If you’re using ABC’s site for the first time, the next step is to enter your name, address, and billing information (usually your credit card number or a purchase account) before your order can be completed. After this information is filled out on the screen and submitted, the Web server enters it into a database of customers and orders. ABC also asks you to choose a name and password so that the next time you visit the site, you can just enter your name and password and the database will retrieve your stored name, address, and billing information. You save time by not having to enter the same information, and ABC has an easier time keeping records by avoiding duplication.

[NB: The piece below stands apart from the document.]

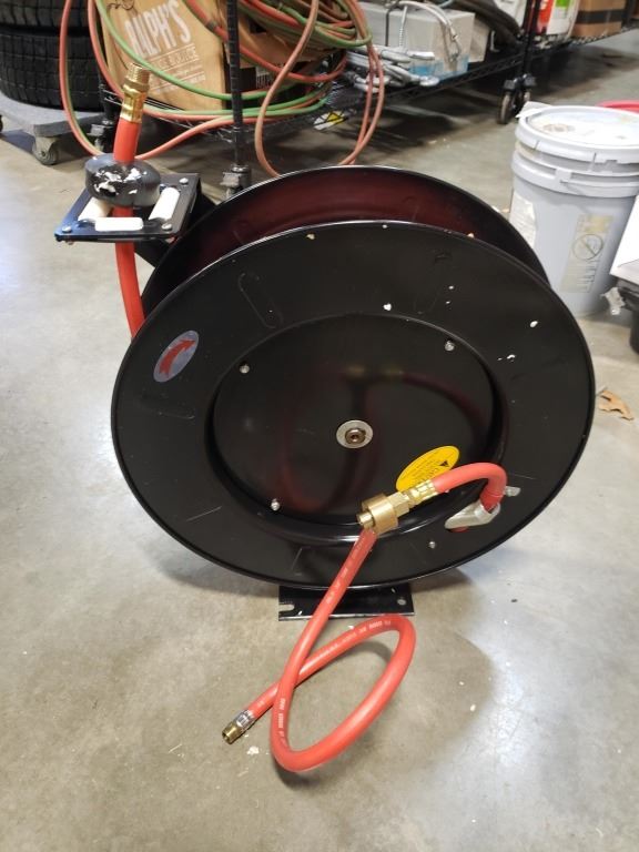 NEW RETRACTABLE HOSE REEL WITH 50FT LONG 3/8 INCH 10MM RUBBER AIR HOSE 300PSI/20BAR

The beauty of databases comes into play here. The database can “relate” what you buy to your name and address record, thereby tracking your purchases. This benefits both ABC and you; however, it has always raised privacy questions. ABC benefits because it now knows what its customers are ordering. ABC can query the database to find out what products are most popular, which ones are increasing in popularity, and where its customers are located. Armed with this information, ABC can select which products to keep in stock and where to locate distribution centers. This helps ABC’s customers by shortening delivery times and reducing delays.

Richard Kim is a systems analyst currently working with an information technology company in Washington, DC. Comments and questions for the author can be addressed to the Editorial Office by e-mail at tcaw@acs.org, by fax at 202-776-8166 or by post at 1155 16th Street, NW; Washington, DC 20036.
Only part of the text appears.